# FA activate fails (E-sys)



## Bob-F10 (Jun 30, 2014)

Hi everybody, 
I've starting this new adventure of coding for the first time. 
My car is from 2011, I'm coding with E-Sys 3.18.4 and PSdZ 47.5
I'm currently stuck, I've made to read, change values for funsctions, but when it's time to activate FA before coding FDL the changes, nothing hapens. 
There is no green FA afterwards, no errors, nothing, just the progress bar when activating and then nothing. 
I've tried many times, no change. 

can you guys give me some light about this issue?

thanks for all and warm regards from oversees!

Bob


----------



## LesAshmore (Dec 22, 2013)

On your FA have you right clicked and selected "Activate FA" ?


----------



## Bob-F10 (Jun 30, 2014)

Hi, 
yes I did both ways, right-clicking and double clicking.
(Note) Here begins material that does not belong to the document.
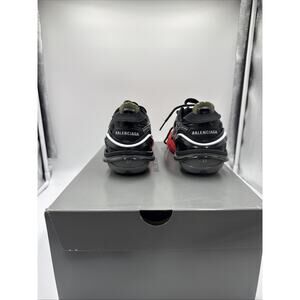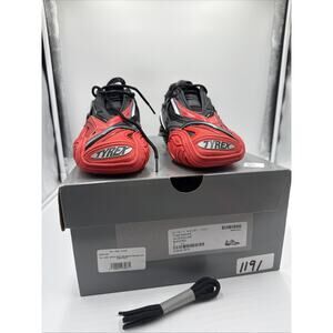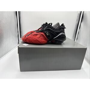 The product is a pair of Balenciaga Tyrex Low sneakers in a size 7, featuring a low top design and made of black leather with red accents. These athletic shoes are part of the Balenciaga Tyrex product line, known for their colorful theme and stylish design. Perfect for women looking for a fashionable yet functional sneaker option.

In both cases, the progress bar shows up, but then some seconds later it closes and there's no any further change, FA title still is black color (no green active mention). 
And of course, no way to code FDL the CAFD that has been changed. 

Any other ideas?


----------



## TokenMaster (Jul 18, 2013)

Your I-Step may be newer than your PSdZ. If you've never had the car updated by dealership, PSdZ 48.2 might still work for you.


----------



## Bob-F10 (Jun 30, 2014)

Hi @Tokenmaster!
I've checked the I-level on my car, it is F010_12_07_533
So... shall my E-sys version 3.18.4 and PSdZ 47.5 be OK? If yes, what else can I try to sort out the problem with activating FA?

If newer versions are necessary for this I-level, what what E-sys and PsZData shall be necessary for correct coding?
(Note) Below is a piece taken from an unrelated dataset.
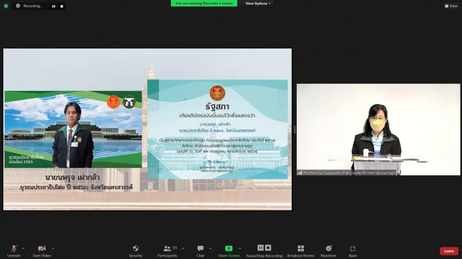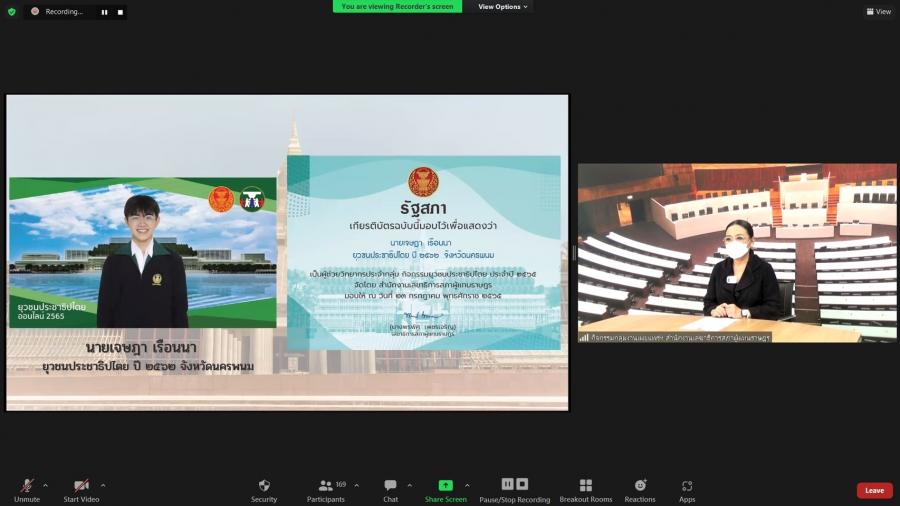 ในการนี้ น.ส.โสมอุษา  บูรณะเหตุ ได้มอบประกาศนียบัตรผ่านระบบออนไลน์ ให้แก่ผู้ผ่านการอบรมกิจกรรมยุวชนประชาธิปไตย ประจำปี 2565 รวมทั้งสิ้นจำนวน 156 คน และมอบประกาศนียบัตรให้แก่ยุวชนประชาธิปไตยรุ่นพี่ที่ได้เข้าร่วมเป็นวิทยากรกระบวนการกับสำนักงานฯ เพื่อเป็นขวัญและกำลังใจให้กับยุวชนฯ จำนวน 7 คน ได้แก่

thanks a lot for your help!

rgds
Bob


----------



## shawnsheridan (Jan 10, 2009)

Bob-F10 said:


> Hi everybody,
> I've starting this new adventure of coding for the first time.
> My car is from 2011, I'm coding with E-Sys 3.18.4 and PSdZ 47.5
> I'm currently stuck, I've made to read, change values for funsctions, but when it's time to activate FA before coding FDL the changes, nothing hapens.
> ...


After you Read FA, you likely hit the "Save" button afterwards, and then tried to Activate FA. You cannot hit the Save Button as doing so then expects you to open FA up in FA Editor. Just Read FA, and then Activate FA.


----------



## Bob-F10 (Jun 30, 2014)

Hi @shawnsheridan !
That was awesome, that was the trick!
Thank you so much for that, now I've done some coding and it works properly. 
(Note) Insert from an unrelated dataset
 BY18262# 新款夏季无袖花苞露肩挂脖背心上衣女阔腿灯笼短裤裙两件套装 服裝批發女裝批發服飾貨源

All the very best for you and thanks all for the help!


----------



## shawnsheridan (Jan 10, 2009)

Bob-F10 said:


> Hi @shawnsheridan !
> That was awesome, that was the trick!
> Thank you so much for that, now I've done some coding and it works properly.
> 
> All the very best for you and thanks all for the help!


:thumbup:


----------



## Wisper0 (Dec 4, 2019)

Hi,
I can not get the FAactivation for my f45

Yesterday i get it with F20 target, but i read that i must use F56 target for the F45. 
Today I try it with F56 target , i can connect but the FA activating bar dont finish never.
I did CONECT, READ, rigth click ACTIVATE FA....

With F20 target the activation was fine 
Then, can i use as F20 or must be F56? 

Can anyone help me?


----------



## Takabo (Sep 8, 2019)

Wisper0 said:


> Hi,
> I can not get the FAactivation for my f45
> 
> Yesterday i get it with F20 target, but i read that i must use F56 target for the F45.
> ...


Please try again with Windows10_1903 or 1909.
I also couldn't activate FA on Windows10_1809.


----------